Electric adventure vehicle maker Rivian (RIVN) is on deck to report fourth quarter results after the bell on Wednesday as investors key in on the automaker’s 2024 production plans and profitability outlook in an environment of decreased EV demand.
For the quarter, Rivian is expected to report top-line revenue of $1.25 billion, with an adjusted loss per share of $1.33, per Bloomberg consensus estimates. That revenue figure represents a nearly 90% gain from the $663 million reported a year ago. On an adjusted EBITDA basis, Rivian is expected to report a loss of $1.05 billion, narrower than last year’s $1.46 billion loss.
Earlier this month, Rivian reported 13,972 deliveries in Q4, up significantly from a year ago but below consensus estimates of 14,300. Production was notably higher at 17,541 units, above estimates of 16,574.
For the year, Rivian topped its production goal of 54,000 with 57,232 vehicles produced in 2023 and deliveries coming in at 50,122. Rivian’s production forecast for 2024 is pegged at just over 80,000 vehicles for the year, per Bloomberg consensus estimates.
In terms of its full-year financial performance, last quarter Rivian narrowed its full-year adjusted EBITDA loss forecast for 2023 to $4 billion from $4.2 billion and reduced its 2023 capital expenditure guidance to $1.1 billion. Investors will be keying in on whether the Rivian management team was able to meet or even improve on its efficiency goals at the end of Q4.
Looking ahead, Rivian had forecast reaching “positive gross profit” by the end of 2024, with CFO Claire McDonough aiming for contribution margin profitability at the end of 2023 with R1 vehicles that featured newly updated pricing.
Rivian’s profitability plans are paramount to the investor thesis for the company — and for its survival. Pure play EV makers like Rivian, Lucid (LCID), and Fisker (FSR) have seen their shares hammered over the past year as a string of loss-producing quarters and a tough EV demand environment have left investors with little patience for underperformance.
For Rivian, that means watching the company’s profit and cost outlook for 2024. Wall Street expects Rivian to forecast an adjusted EBITDA loss for 2024 of $2.55 billion, with its capital expenditure outlays estimated at $2.37 billion.
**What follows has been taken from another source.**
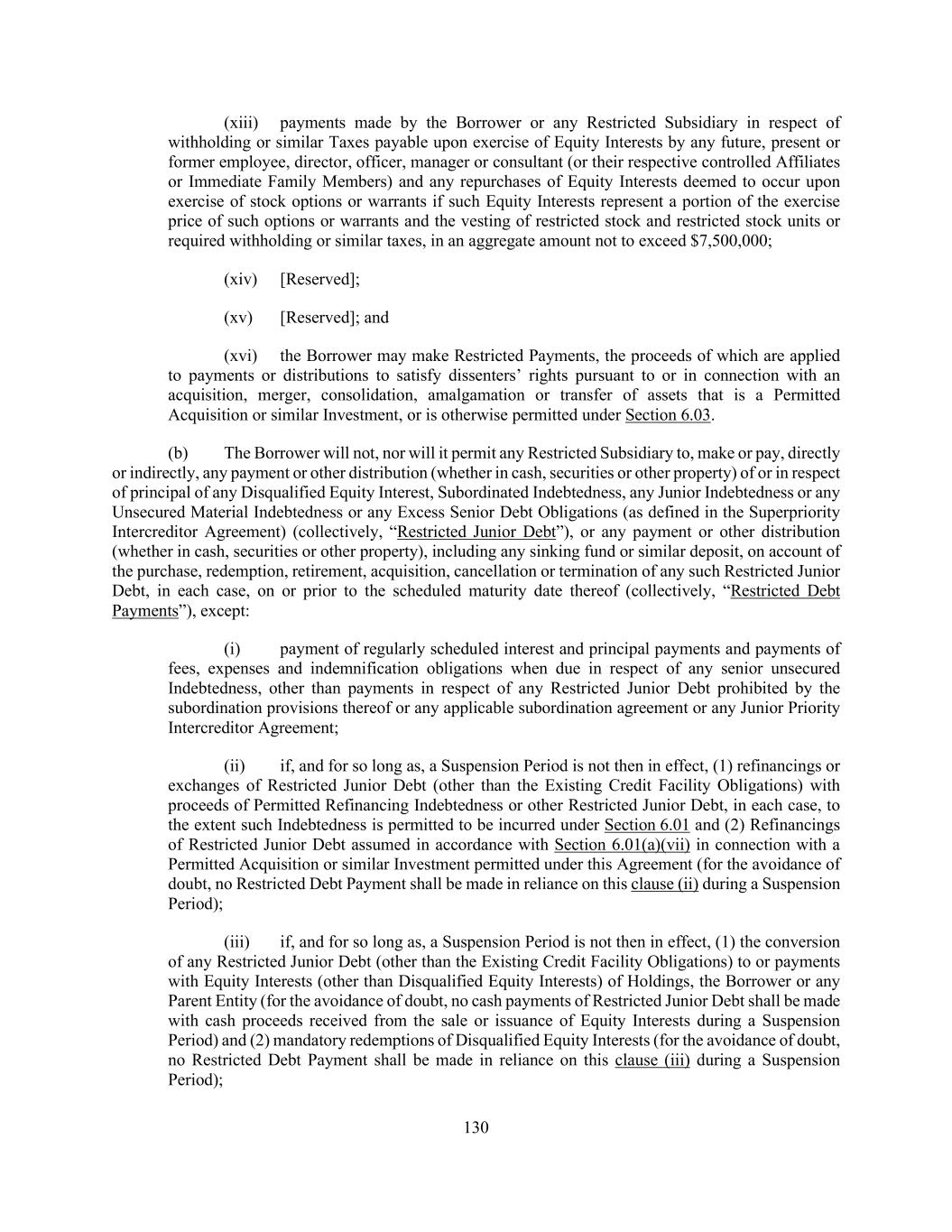 130 (xiii) payments made by the Borrower or any Restricted Subsidiary in respect of withholding or similar Taxes payable upon exercise of Equity Interests by any future, present or former employee, director, officer, manager or consultant (or their respective controlled Affiliates or Immediate Family Members) and any repurchases of Equity Interests deemed to occur upon exercise of stock options or warrants if such Equity Interests represent a portion of the exercise price of such options or warrants and the vesting of restricted stock and restricted stock units or required withholding or similar taxes, in an aggregate amount not to exceed $7,500,000; (xiv) [Reserved]; (xv) [Reserved]; and (xvi) the Borrower may make Restricted Payments, the proceeds of which are applied to payments or distributions to satisfy dissenters’ rights pursuant to or in connection with an acquisition, merger, consolidation, amalgamation or transfer of assets that is a Permitted Acquisition or similar Investment, or is otherwise permitted under Section 6.03. (b) The Borrower will not, nor will it permit any Restricted Subsidiary to, make or pay, directly or indirectly, any payment or other distribution (whether in cash, securities or other property) of or in respect of principal of any Disqualified Equity Interest, Subordinated Indebtedness, any Junior Indebtedness or any Unsecured Material Indebtedness or any Excess Senior Debt Obligations (as defined in the Superpriority Intercreditor Agreement) (collectively, “Restricted Junior Debt”), or any payment or other distribution (whether in cash, securities or other property), including any sinking fund or similar deposit, on account of the purchase, redemption, retirement, acquisition, cancellation or termination of any such Restricted Junior Debt, in each case, on or prior to the scheduled maturity date thereof (collectively, “Restricted Debt Payments”), except: (i) payment of regularly scheduled interest and principal payments and payments of fees, expenses and indemnification obligations when due in respect of any senior unsecured Indebtedness, other than payments in respect of any Restricted Junior Debt prohibited by the subordination provisions thereof or any applicable subordination agreement or any Junior Priority Intercreditor Agreement; (ii) if, and for so long as, a Suspension Period is not then in effect, (1) refinancings or exchanges of Restricted Junior Debt (other than the Existing Credit Facility Obligations) with proceeds of Permitted Refinancing Indebtedness or other Restricted Junior Debt, in each case, to the extent such Indebtedness is permitted to be incurred under Section 6.01 and (2) Refinancings of Restricted Junior Debt assumed in accordance with Section 6.01(a)(vii) in connection with a Permitted Acquisition or similar Investment permitted under this Agreement (for the avoidance of doubt, no Restricted Debt Payment shall be made in reliance on this clause (ii) during a Suspension Period); (iii) if, and for so long as, a Suspension Period is not then in effect, (1) the conversion of any Restricted Junior Debt (other than the Existing Credit Facility Obligations) to or payments with Equity Interests (other than Disqualified Equity Interests) of Holdings, the Borrower or any Parent Entity (for the avoidance of doubt, no cash payments of Restricted Junior Debt shall be made with cash proceeds received from the sale or issuance of Equity Interests during a Suspension Period) and (2) mandatory redemptions of Disqualified Equity Interests (for the avoidance of doubt, no Restricted Debt Payment shall be made in reliance on this clause (iii) during a Suspension Period);

Speaking of capital expenditures, Rivian will reveal on March 7 its more affordable R2 EV, which will be built at its upcoming $5 billion Georgia assembly plant. Rivian is aiming for the plant to be completed by 2025, with new R2 vehicles rolling off the line in 2026.
CFRA analyst Garrett Nelson, who has a Hold rating on Rivian ahead of earnings, noted what’s at stake for Rivian as 2024 unfolds.
“While the company has a tailwind in the form of plummeting lithium-ion battery costs, we believe RIVN has a demand issue and it lacks the scale needed to compete with larger automakers,” he wrote in a note to investors last month. “Furthermore, free cash flow losses will likely worsen while the company builds its new factory in Georgia.”
“The consequences of weak demand are significant,” added Barclays analyst Dan Levy in a note to investors last week, in which the investment bank downgraded Rivian stock to Hold from Buy. Levy also raised concerns that Rivian could miss its 2024 target for gross margin profitability.
“It appears that even great product and tech is not enough to avoid the EV winter,” he said.